Working for Nourished Communities with Food Justice

Malvika Pradhan, Staff Writer

According to non-profit organization Feeding Texas, approximately one in seven Texans are food insecure. In central Texas alone, 17% of residents are food insecure, according to the Central Texas Food Bank. This means they cannot reliably access enough nutritious food to feed themselves and their families.

There are many organizations around Austin that help with food insecurity, including the Sustainable Food Center (SFC), Austin Community Gardens, Urban Roots, Black Food For Thought and Meals on Wheels. Jennifer Steverson, who works at Austin Community Gardens, described the concept of food justice as the consideration of the effects of racial and economic inequality on a person’s ability to nourish themselves or provide food for others. 

“Food justice is a structural perspective of the food system that acknowledges the impact of race and class on food access and food production,” Steverson said. “Food justice advocates work to improve equity and food sovereignty. Food justice work is diverse. Some examples include the Coalition of Immokalee Workers, farm workers who organized to demand fair wages and safety measures. The ongoing work of the United Farm Workers is also part of food justice…Seeds and seed diversity are another aspect of food justice for gardeners and farmers.”

Urban Roots is an Austin-based nonprofit that teaches young people about farming and food. According to Program Manager Teresa Orduno, the issue of food insecurity is widespread.

About 16% of people in Austin are food insecure,” Orduno said. “And many barriers go into play: low proximity to food retail, low household income, people not having access to transportation and less affordable healthy food availability. There are 13 zip codes in Travis County that do not have a full-service grocery store.”

According to Stevenson the COVID-19 pandemic hasn’t helped these numbers. She said many people across Austin have lost their jobs, making it harder for them to pay for nutritious food. 

“The COVID-19 pandemic has been a challenging time for many people in our region,” Steverson said. “The Office of [Federal] Sustainability established a weekly food access call at the beginning of the pandemic to help different emergency food providers communicate with each other and provide food to more people.”

The main demographics targeted by this issue are low-income communities and communities of color. Hilda Gutiérrez, the People and Operations Director at the SFC, said food justice is important to the health of a community.

I think that if we are going to have a thriving community, we need to, especially for people of color and low-income communities, center those individuals,” Guitiérrez said. “I think what we’re seeing right now is food apartheid: certain folks get access to good food and get to live long and healthy and successful lives, and those folks look a certain way, they have certain incomes, et cetera.”

Community gardens are one of the main ways that people can grow their own food, according to Steverson. Community gardens also support food sovereignty, the idea that the people who grow and consume food should be able to control their food system.

Community gardeners are also able to grow culturally important foods that may be hard to find or expensive in grocery stores,” Steverson said. “For example, at the Festival Beach Community Garden, there are gardeners from Myanmar who grow hibiscus plants and harvest the leaves for use as an herb. It is easy to find hibiscus flowers, also known as sorrel and jamaica, in Austin grocery stores, but it’s harder to find the leaves…[Food justice] is important because food, like water or shelter, is a necessity that people shouldn’t have to be without because of economic status, race, et cetera.

People who are able to can also garden in their homes. Gutiérrez said she’s seen some people grow their own food to share with their neighbors.

 “Maybe they grow gardens in their homes, but they built them in the front of their home, so that their neighbors can go and take the harvest,” Gutiérrez said. “So that’s also really awesome, because then, people can just pick from your trees because whenever you grow food, you have so much, you have like pounds and pounds of things that you don’t even need.”

Getting the food is only one step of the process.
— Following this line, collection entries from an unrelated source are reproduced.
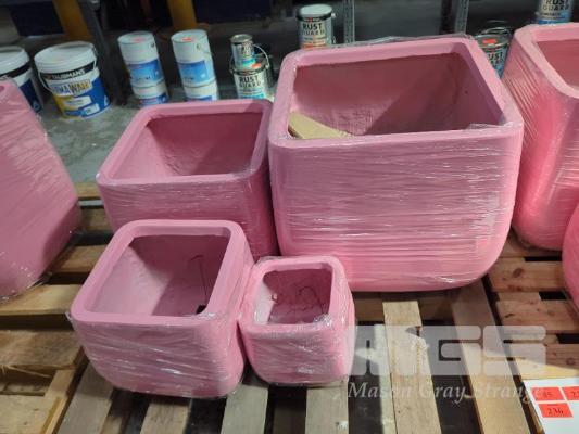 2 X SETS OF 4 CONTEMPORARY PLANTER POTS (NEW) STYLE MONARCH SQUAT COLOUR PINK SIZES... 2 @ 550 X 550 X 480 MM 2 @ 430 X 430 X 380 MM 2 @ 330 X 330 X 290 MM 2 @ 230 X 230 X 200 MM RRP $299.99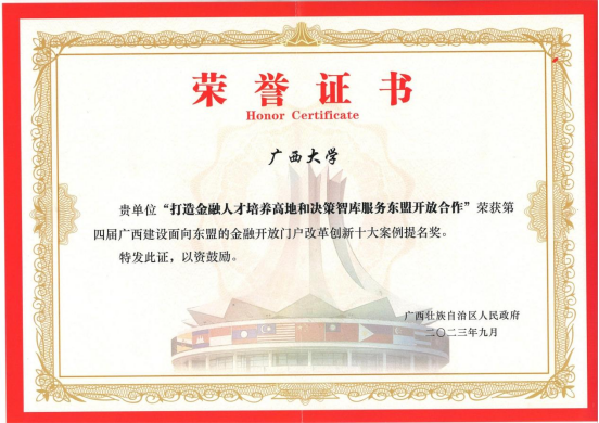 近日,广西建设面向东盟的金融开放门户指挥部公布了关于第四届广西建设面向东盟的金融开放门户改革创新十大案例评选结果。蘑菇视频“打造金融人才培养高地和决策智库服务东盟开放合作”荣获第四届广西建设面向东盟的金融开放门户改革创新十大案例提名奖。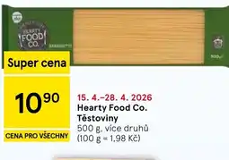 | Hearty Food Co. Těstoviny 500 g | Tesco | 10,90 Kč | 15 dubna 2026 | 21 dubna 2026 | |||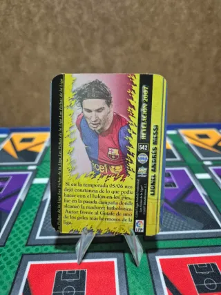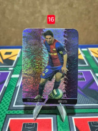 Cromo de fútbol de Lionel Messi de la colección Mundicromos 2008-09. - Fondo jaspeado y puntas redondas. - Edición: Revelación. - Jugador: Messi. - Temporada: 2008-09.

After that, people need to know how to cook it. The SFC teaches cooking classes, and Gutiérrez said people can help out by giving neighbors or friends healthy recipes.
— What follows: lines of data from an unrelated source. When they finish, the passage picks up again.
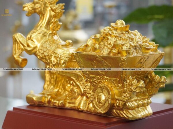 Tượng ngựa kéo xe tiền dát vàng 24K là vật phẩm phong thủy và quà tặng cao cấp, mang lại nhiều giá trị: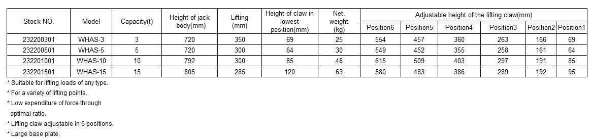 WHAS Adjustable Claw Mechanical Jack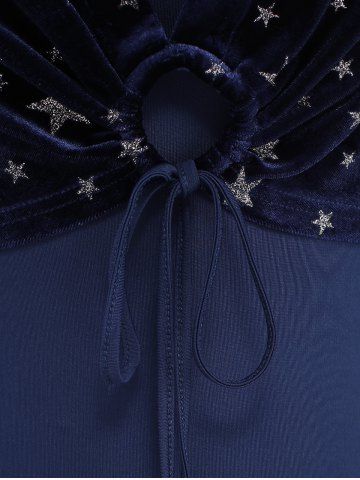 j*****y5Plus Size Ruched Lace Trim Buttons Cami Top and Silver Stamping Stars Print Crop TopColor: DEEP BLUE Size: 4X | US 26-28It's a little short to be a dress.... lol... but I really like the way it feels....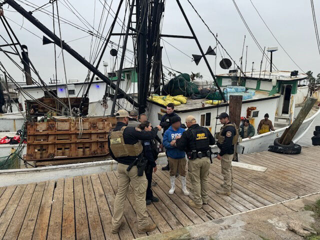 The U.S. Coast Guard detains the captain of the fishing vessel Los Nietos for an outstanding warrant and a crewmember who was identified as being a Mexican national in the U.S. illegally Feb. 15, 2025 near South Padre Island. U.S. Coast Guard photo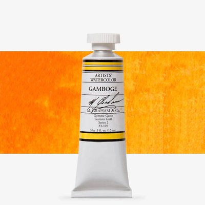 Gamboge is a modern lightfast equivalent of original Gamboge. More orange than Indian Yellow.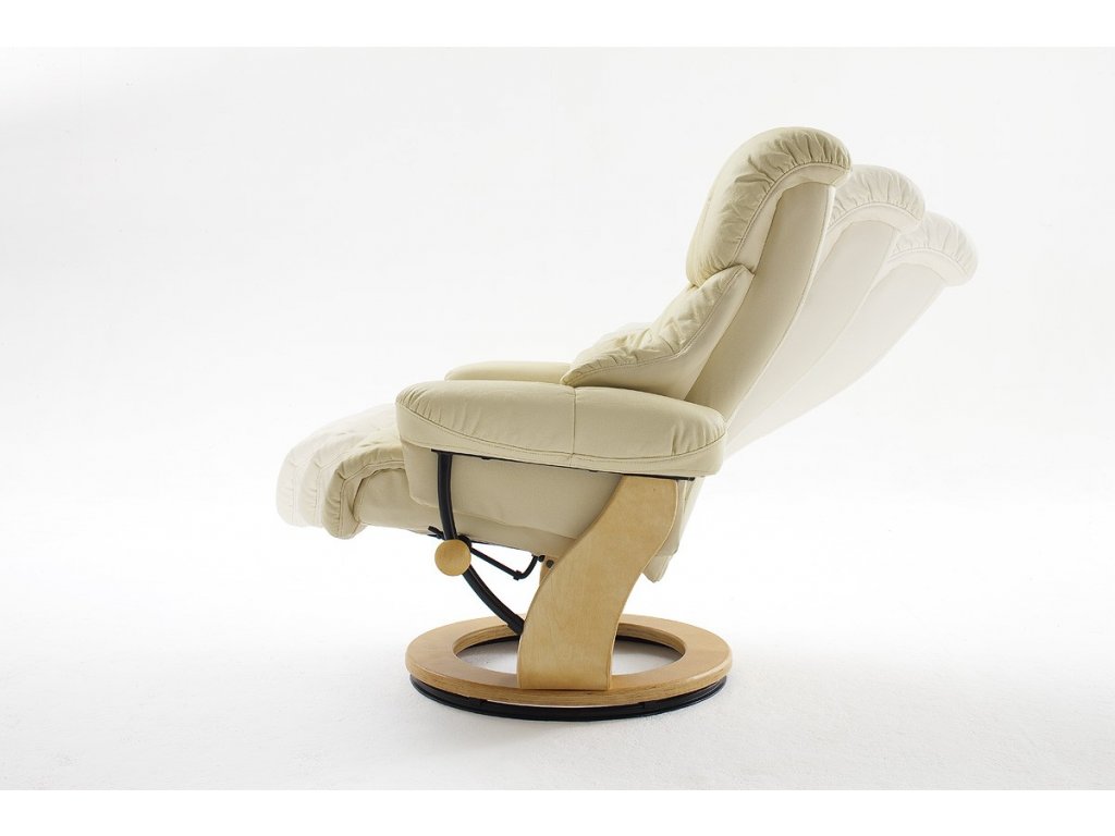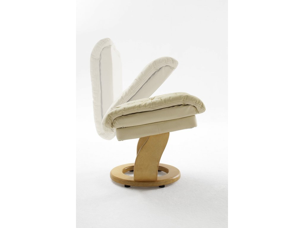 Kvalitní relaxační křeslo s podnoží, která má praktický úložný prostor se ideálně hodí do moderních i stylových interiérů. Polohovatelné, velmi pohodlné otočné křeslo disponuje nastavitelným opěradlem / tělesný tlak 135 ° / a čalouněnými područkami. Moderní design, prvotřídní provedení a pohodlné sezení. Na výběr ze tří barevných provedení podnoží: natur, ořech nebo černá.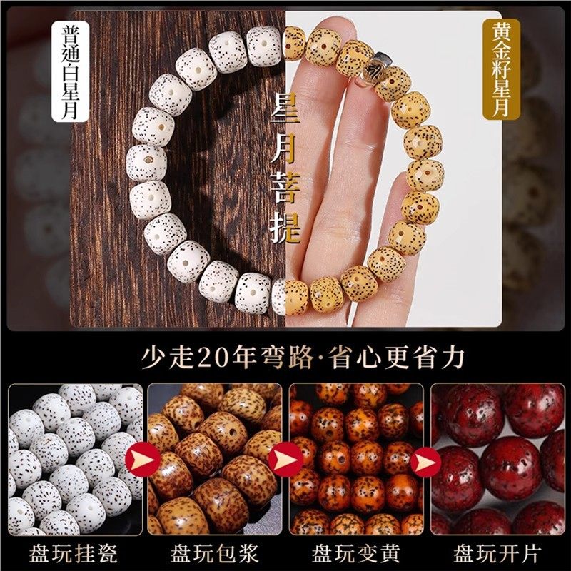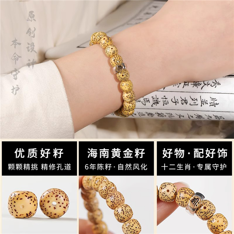 海南黄金籽星月菩提子手串十二生肖单圈佛珠文玩手链鸡油黄陈籽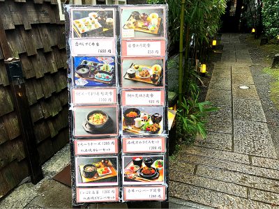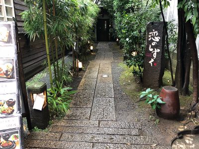 石畳を歩いて少し奥に入るとにお店の入り口があります。少し歩いただけでもなんだか癒されますね。入り口の竹あかりが可愛くてオシャレですね。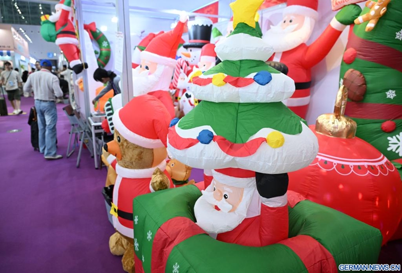 Weihnachtsdekorationen sind auf der 139. Chinesischen Import- und Exportmesse (Kanton-Messe) in Guangzhou in der südchinesischen Provinz Guangdong ausgestellt, 23. April 2026. Die zweite Phase der 139. Kanton-Messe begann hier am Donnerstag.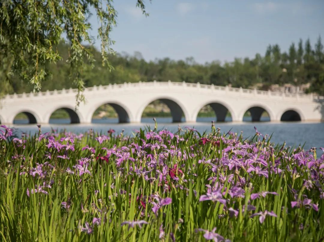 十一孔桥全长约75米,以传统中式园林石拱桥为基础,融入现代建造工艺。它与双子山山峰起伏呼应,成为景观焦点。

 “I think that is a thing that a lot of people don’t know how to do,” Gutiérrez said. “Helping people around you that are like, ‘Hey, how did you make that recipe?,’ Those are small things that make a big difference in people’s lives. It really transforms their way of thinking of how they can prepare food because a lot of people are like, ‘Oh, I just fried or microwaved it.’ That’s not healthy, but it’s really hard to understand what the skills are to make food.”

There are many ways that people can help those who are food insecure. One way is to reduce food waste, though, according to Orduno, there are many other ways.

“[You can] volunteer at organizations that are promoting healthy, affordable access to food, donate to organizations like Urban Roots, Serafina, Meals on Wheels, et cetera so their work can continue or get involved in what’s happening in your community and find out where you can donate food,” Orduno said.

Gutiérrez said that even sharing where food comes from helps, along with pushing state policymakers to support policies that help local farms and farmers. These policies would support the farmers and help keep money within the community instead of large companies.

If we had more people sharing where our food comes from, putting more pressure on legislators to provide subsidies or support for local farmers to grow food that our people can consume,” Gutiérrez said, “I think that we’d have an entirely different community.”